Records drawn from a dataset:
Start of Block
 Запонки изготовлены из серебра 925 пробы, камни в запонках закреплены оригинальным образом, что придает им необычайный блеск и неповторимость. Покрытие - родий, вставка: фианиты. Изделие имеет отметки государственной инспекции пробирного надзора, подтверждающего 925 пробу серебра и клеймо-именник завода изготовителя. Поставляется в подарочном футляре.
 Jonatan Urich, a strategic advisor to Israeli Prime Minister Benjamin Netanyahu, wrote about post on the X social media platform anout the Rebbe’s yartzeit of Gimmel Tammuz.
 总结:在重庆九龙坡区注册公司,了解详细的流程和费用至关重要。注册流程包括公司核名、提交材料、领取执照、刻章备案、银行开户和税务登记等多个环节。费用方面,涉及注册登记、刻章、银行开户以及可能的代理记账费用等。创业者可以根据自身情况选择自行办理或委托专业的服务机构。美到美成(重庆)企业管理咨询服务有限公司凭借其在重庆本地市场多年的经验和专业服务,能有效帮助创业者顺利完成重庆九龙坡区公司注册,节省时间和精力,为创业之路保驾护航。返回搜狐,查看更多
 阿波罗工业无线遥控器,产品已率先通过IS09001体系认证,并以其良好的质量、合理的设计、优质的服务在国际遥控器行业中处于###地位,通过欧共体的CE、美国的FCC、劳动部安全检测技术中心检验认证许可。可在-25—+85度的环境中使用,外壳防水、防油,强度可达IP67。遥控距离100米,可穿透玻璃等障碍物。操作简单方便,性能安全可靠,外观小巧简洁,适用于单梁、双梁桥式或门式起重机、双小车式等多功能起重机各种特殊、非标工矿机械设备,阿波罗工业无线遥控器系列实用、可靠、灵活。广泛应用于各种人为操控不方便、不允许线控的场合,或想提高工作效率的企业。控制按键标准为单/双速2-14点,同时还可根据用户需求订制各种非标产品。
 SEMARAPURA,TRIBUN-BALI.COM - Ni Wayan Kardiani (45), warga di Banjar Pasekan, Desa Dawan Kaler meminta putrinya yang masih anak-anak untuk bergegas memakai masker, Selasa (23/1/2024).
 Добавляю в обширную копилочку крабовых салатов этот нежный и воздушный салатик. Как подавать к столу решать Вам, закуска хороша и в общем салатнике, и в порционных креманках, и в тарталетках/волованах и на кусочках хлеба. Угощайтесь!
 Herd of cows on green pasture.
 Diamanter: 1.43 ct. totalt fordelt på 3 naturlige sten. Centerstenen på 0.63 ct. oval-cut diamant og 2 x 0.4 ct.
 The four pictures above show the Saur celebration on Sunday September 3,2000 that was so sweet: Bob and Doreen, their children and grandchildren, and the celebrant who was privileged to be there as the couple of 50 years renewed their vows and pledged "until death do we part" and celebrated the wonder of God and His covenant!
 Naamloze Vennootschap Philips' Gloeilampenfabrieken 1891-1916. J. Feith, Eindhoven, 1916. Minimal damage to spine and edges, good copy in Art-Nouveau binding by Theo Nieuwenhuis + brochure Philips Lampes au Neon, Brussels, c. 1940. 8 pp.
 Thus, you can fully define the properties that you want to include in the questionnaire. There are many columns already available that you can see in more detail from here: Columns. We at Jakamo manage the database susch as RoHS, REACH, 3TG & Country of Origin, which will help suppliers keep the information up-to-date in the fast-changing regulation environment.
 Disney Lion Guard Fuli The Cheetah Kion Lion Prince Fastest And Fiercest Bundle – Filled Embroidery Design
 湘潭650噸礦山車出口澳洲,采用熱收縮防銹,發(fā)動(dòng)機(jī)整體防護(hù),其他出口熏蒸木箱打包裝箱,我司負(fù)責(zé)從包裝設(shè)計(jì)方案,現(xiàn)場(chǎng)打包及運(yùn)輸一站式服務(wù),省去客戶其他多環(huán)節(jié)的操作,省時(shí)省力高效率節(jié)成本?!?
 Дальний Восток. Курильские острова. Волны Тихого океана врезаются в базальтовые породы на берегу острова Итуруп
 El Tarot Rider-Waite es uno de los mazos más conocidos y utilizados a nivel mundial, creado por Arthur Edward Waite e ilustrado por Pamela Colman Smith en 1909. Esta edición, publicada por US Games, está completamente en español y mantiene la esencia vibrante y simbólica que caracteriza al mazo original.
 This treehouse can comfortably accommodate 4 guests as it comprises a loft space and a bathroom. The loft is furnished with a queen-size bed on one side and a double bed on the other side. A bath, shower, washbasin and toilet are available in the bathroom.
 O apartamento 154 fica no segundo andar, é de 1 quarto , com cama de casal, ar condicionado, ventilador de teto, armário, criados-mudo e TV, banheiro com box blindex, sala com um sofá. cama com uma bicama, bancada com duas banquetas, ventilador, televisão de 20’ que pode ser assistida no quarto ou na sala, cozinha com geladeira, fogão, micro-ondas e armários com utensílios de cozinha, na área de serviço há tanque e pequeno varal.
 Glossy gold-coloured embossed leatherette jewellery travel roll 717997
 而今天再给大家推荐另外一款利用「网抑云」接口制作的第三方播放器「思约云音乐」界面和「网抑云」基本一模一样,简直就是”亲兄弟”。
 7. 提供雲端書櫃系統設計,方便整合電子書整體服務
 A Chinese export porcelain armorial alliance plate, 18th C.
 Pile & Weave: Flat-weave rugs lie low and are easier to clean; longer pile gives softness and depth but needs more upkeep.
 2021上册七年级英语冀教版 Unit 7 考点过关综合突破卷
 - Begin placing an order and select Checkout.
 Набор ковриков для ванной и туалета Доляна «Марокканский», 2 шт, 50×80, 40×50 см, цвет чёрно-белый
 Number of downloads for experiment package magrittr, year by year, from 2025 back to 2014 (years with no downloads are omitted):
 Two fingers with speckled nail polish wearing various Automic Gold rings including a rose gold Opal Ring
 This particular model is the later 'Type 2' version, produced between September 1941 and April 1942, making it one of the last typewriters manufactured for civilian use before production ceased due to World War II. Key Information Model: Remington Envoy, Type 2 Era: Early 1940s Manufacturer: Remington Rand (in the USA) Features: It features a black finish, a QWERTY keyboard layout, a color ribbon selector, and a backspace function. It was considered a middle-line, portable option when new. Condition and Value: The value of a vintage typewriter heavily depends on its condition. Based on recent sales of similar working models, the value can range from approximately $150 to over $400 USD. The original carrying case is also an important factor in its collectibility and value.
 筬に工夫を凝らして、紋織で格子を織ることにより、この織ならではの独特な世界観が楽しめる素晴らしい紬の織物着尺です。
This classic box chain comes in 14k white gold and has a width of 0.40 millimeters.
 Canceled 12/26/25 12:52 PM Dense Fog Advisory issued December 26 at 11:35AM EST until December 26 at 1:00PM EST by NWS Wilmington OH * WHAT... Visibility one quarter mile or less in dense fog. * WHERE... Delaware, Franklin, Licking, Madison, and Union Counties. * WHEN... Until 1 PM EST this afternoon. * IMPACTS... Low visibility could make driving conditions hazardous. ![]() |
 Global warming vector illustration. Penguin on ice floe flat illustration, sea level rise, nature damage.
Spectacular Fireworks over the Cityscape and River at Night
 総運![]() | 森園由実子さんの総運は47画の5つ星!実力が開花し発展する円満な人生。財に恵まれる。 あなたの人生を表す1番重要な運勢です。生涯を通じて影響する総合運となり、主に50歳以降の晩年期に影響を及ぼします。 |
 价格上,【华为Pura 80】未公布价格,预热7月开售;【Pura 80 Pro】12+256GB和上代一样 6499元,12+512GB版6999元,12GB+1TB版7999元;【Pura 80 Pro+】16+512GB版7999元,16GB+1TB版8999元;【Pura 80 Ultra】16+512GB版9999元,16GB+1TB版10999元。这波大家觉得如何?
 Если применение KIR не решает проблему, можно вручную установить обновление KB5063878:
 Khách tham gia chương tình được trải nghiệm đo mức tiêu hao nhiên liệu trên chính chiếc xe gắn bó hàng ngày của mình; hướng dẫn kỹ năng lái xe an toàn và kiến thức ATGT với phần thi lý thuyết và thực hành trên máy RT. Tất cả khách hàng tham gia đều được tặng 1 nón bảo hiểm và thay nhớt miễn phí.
End of Block
## WHAT YOU HAVE TO DO
Above are the records; copy every line in them that holds the word "with".

## TASK SOLUTION
 This treehouse can comfortably accommodate 4 guests as it comprises a loft space and a bathroom. The loft is furnished with a queen-size bed on one side and a double bed on the other side. A bath, shower, washbasin and toilet are available in the bathroom.
 Number of downloads for experiment package magrittr, year by year, from 2025 back to 2014 (years with no downloads are omitted):
 Two fingers with speckled nail polish wearing various Automic Gold rings including a rose gold Opal Ring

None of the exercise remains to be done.